Exercise input:
*** Block opens ***
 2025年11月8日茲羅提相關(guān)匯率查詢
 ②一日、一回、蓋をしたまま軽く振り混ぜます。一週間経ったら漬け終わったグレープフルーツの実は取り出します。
*** Block closes ***
*** Block opens ***
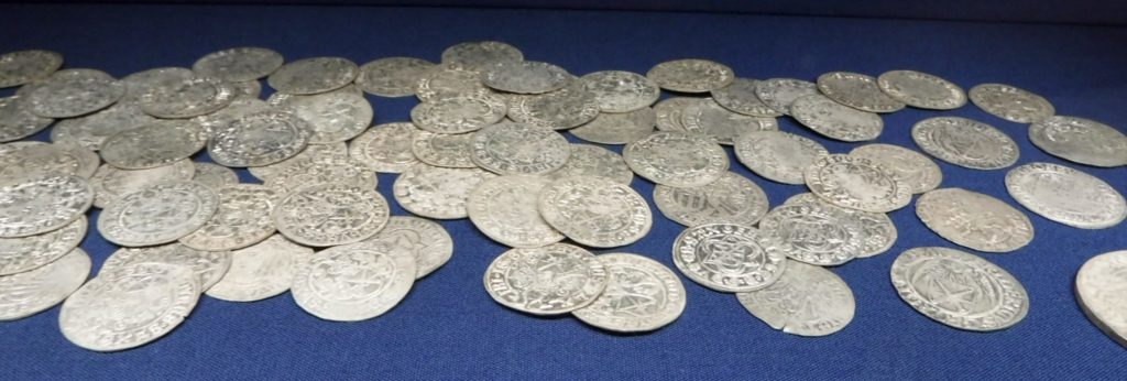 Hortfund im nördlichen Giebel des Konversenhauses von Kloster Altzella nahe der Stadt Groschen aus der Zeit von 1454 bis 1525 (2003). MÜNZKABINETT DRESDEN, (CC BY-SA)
*** Block closes ***
*** Block opens ***
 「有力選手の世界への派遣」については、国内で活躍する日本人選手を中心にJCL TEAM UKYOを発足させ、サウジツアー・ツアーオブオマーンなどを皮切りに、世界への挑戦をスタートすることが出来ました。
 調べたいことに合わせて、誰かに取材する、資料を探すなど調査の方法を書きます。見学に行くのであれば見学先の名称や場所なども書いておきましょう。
*** Block closes ***
Task requirements: Print, from the entries above, the line with "2025年11月8日茲羅提相關(guān)匯率查詢", the line with "②一日、一回、蓋をしたまま軽" and all lines between them, exactly and with nothing else.

Answer space:
 2025年11月8日茲羅提相關(guān)匯率查詢
 ②一日、一回、蓋をしたまま軽く振り混ぜます。一週間経ったら漬け終わったグレープフルーツの実は取り出します。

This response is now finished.